A year and a half after accepting the first prototypes, the US Marine Corps has awarded BAE Systems and its partner Iveco Defence Vehicles a US$198 million contract to deliver the first 30 of the Corps' next-generation Amphibious Combat Vehicles (ACV). The contact for the fully amphibious, ship-launchable troop carrier includes an option of up to $1.2 billion for a total of 204 vehicles.

The primary mission of the US Marines is to act as the infantry arm of the US Navy, so an amphibious capability is essential to carrying out its mission. The ACV 1.1 program's job is to provide the Marines with a high-speed armored vehicle that's self-deploying and can operate in the open ocean, yet can also fight on land alongside an M1A1 Abrams front-line battle tank.

The BAE Systems ACV is built to carry 13 Marines inside a blast-resistant hull designed to take on mines, IEDs, kinetic energy rounds, and overhead blasts as they ride in a suspended interior seat structure. Meanwhile, the crew of three have their own blast protection and there is a fire suppression system.

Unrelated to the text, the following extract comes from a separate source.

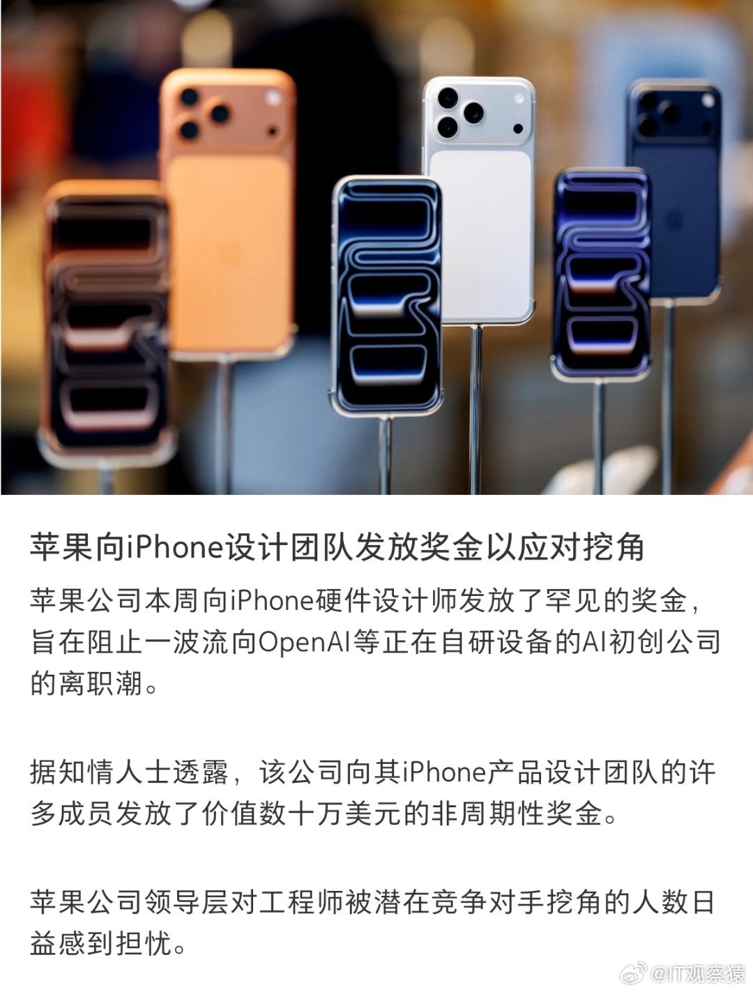 苹果罕见重金奖励iPhone设计团队不靠爱发电,拿钱留人。之前苹果设计主管艾伦·

The 8x8 vehicle is powered by a six-cylinder engine belting out 700 bhp (522 kW). Though it weighs 67,500 lb (30,617 kg), it can carry a payload of 7,280 lb (3,302 kg) at over 65 mph (105 km/h) on paved roads and at sea can manage 6 knots (7 mph, 11 km/h). Its range is up to 325 mi (523 km) at 55 mph (89 km/h) on land, or for land and sea missions it can travel 12 nm (13 mi, 22 km) at sea, then travel over 250 mi (402 km) once ashore.

BAE Systems says that before it delivered its first 16 prototypes for 15 months of Developmental Testing and Operational Assessment testing, it had already carried out its own in-house risk mitigation testing and evaluation for land mobility, survivability, and swim capabilities.

Construction of the ACVs will be performed at BAE's plants in Aiken, South Carolina; Sterling Heights, Michigan; Minneapolis, Minnesota; Stafford, Texas; San Jose, California; and York, Pennsylvania.

"We are well positioned and ready to build the future of amphibious fighting vehicles for the Marine Corps, having already produced 16 prototypes," says Dean Medland, vice president and general manager of Combat Vehicles Amphibious and International at BAE Systems. "Through this award, we are proud to continue our partnership with the Marine Corps by providing a best-in-class vehicle to support its mission through mobility, survivability and lethality."